Le président américain Donald Trump a déclaré, jeudi 25 décembre, que les États-Unis avaient mené de « nombreuses frappes puissantes et meurtrières » contre des combattants de l’État islamique opérant au Nigeria. Ces opérations ont été présentées comme une réponse aux attaques menées, selon le président, principalement contre des communautés chrétiennes.
Dans un message publié sur son réseau Truth Social, Donald Trump a insisté sur le rôle des États-Unis dans la lutte contre le « terrorisme islamiste radical » et a assuré que Washington ne laisserait pas prospérer les groupes djihadistes dans la région.
Les frappes ont été conduites en coordination avec les autorités nigérianes, a confirmé le ministère nigérian des Affaires étrangères, qui a précisé qu’il s’agissait d’« frappes aériennes de précision contre des cibles terroristes » reposant sur un échange de renseignements et une planification stratégique respectant la souveraineté nationale et le droit international. Les attaques auraient particulièrement visé l’État de Sokoto, dans le nord-ouest du Nigeria, où le groupe Lakurawa, affilié à l’État islamique, contrôle certaines zones forestières et mène des attaques contre les communautés et les forces de sécurité.

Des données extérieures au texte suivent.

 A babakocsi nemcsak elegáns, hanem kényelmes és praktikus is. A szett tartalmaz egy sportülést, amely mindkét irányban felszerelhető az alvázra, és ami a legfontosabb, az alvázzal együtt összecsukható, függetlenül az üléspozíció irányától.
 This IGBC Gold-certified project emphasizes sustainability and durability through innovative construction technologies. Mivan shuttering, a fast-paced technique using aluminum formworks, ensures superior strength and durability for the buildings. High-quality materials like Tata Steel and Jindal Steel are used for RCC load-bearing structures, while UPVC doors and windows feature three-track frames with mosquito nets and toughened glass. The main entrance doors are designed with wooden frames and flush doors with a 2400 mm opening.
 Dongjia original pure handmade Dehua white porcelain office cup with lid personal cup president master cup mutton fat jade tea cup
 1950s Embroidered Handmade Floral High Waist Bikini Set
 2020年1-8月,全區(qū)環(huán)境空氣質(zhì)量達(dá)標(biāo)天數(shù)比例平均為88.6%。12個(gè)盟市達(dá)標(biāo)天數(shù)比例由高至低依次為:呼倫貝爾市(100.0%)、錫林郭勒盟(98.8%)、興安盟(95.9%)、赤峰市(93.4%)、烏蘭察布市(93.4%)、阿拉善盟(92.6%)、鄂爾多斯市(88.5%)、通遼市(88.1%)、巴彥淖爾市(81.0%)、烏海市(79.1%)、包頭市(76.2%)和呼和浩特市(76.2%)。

Si Donald Trump a centré sa communication sur la « persécution des chrétiens », cette rhétorique suscite des réserves à Abuja et parmi les experts. Le Nigeria, pays le plus peuplé d’Afrique avec environ 220 millions d’habitants, est à majorité religieusement mixte, et les violences touchent indistinctement chrétiens et musulmans. Les causes de l’insécurité sont multiples, mêlant conflits djihadistes, rivalités ethniques, tensions communautaires et affrontements entre agriculteurs et éleveurs.

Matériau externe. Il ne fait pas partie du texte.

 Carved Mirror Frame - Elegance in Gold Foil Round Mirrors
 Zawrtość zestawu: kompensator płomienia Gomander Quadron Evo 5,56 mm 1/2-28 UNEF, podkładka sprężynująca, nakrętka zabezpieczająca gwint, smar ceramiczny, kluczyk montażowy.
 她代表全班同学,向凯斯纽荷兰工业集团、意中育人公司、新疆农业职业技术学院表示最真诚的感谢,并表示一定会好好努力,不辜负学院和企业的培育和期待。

Depuis le début de l’insurrection djihadiste en 2009, menée principalement par Boko Haram et ses branches affiliées à l’État islamique, le conflit a fait plus de 40 000 morts et déplacé près de deux millions de personnes, selon les Nations unies. Malgré un relatif retour au calme dans certaines villes comme Maiduguri, la violence persiste dans les zones rurales et menace de s’intensifier, comme le montre l’attaque meurtrière récente contre une mosquée à Maiduguri.

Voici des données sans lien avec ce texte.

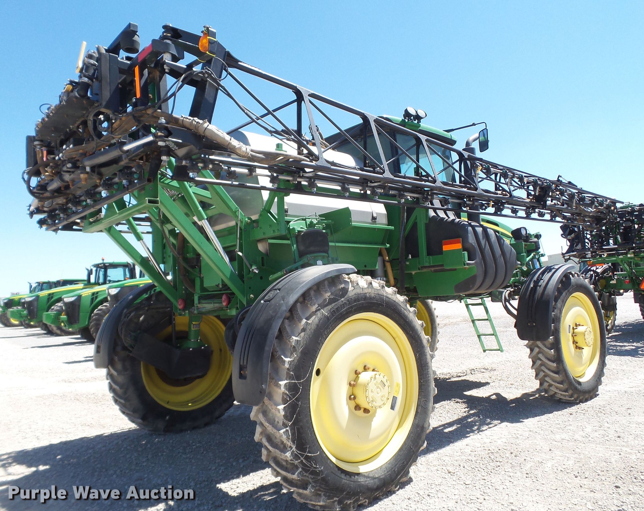 Purple Wave is selling a used Applicator Self Propelled in Texas. This item is a 2010 John Deere 4730 sprayer with the following: 2,433 engine hours on meter, John Deere 6.8L six cylinder diesel engine, 245 HP, Hydrostatic transmission, Four wheel drive, 800 gallon stainless steel solution tank, Stainless steel chemical eductor tank, Rinse tank, Clean water tank, 90'W boom, Five boom sections, Break-away boom, Hydraulic boom fold, Automatic height control, 15" nozzle spacing, Five-way nozzle bodies, AC and heat, Air suspension seat, Work lights, Hydraulic ladder, Hydraulic axle width adjust, 380/90R46 row crop tires, Serial N04730X009059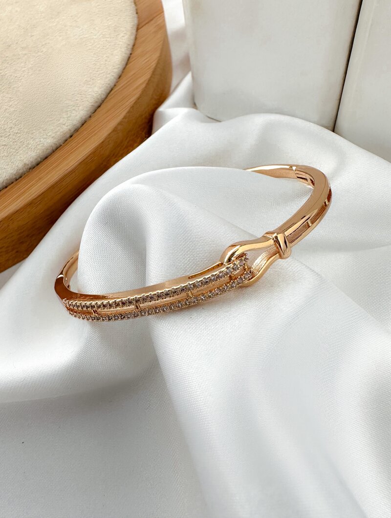Bracelete Folheado a Ouro 18k e Prata Detalhe Vazados Cravejado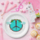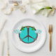 Serve up your snacks and party treats with a touch of groovy style using these disposable Paper Plates featuring the Winged Peace Symbol design. The vibrant aqua peace sign, accented with cheerful wings and colorful floral elements, is perfect for adding a bohemian, retro flair to any celebration. Ideal for birthday parties, hippie-themed events, outdoor picnics, or casual gatherings. These sturdy, themed paper plates make cleanup easy while bringing a fun and peaceful aesthetic to your table setting.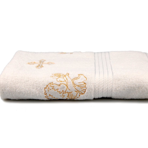 Полотенце махровое крестильное Крыжма, 70х140см, 550г/м2 (белое с золотом)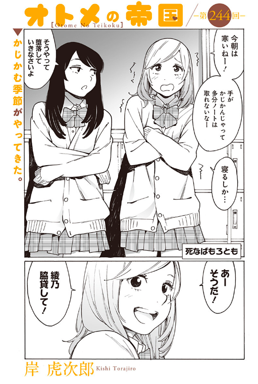 オトメの帝国更新しました。この243話を読む人生と読まない人生があります。浅水が今まで一番表情豊かで、描いていて幸せでした。かなりの高確率で泣いていただけると申し上げておきます。

Ces frappes constituent la première intervention militaire américaine directe au Nigeria sous la présidence Trump, alors même que l’empreinte sécuritaire des États-Unis en Afrique avait tendance à diminuer ces dernières années. Elles s’accompagnent d’une pression diplomatique renforcée, avec des restrictions de visas pour certains responsables nigérians et la désignation du Nigeria comme « pays particulièrement préoccupant » sur le plan de la liberté religieuse.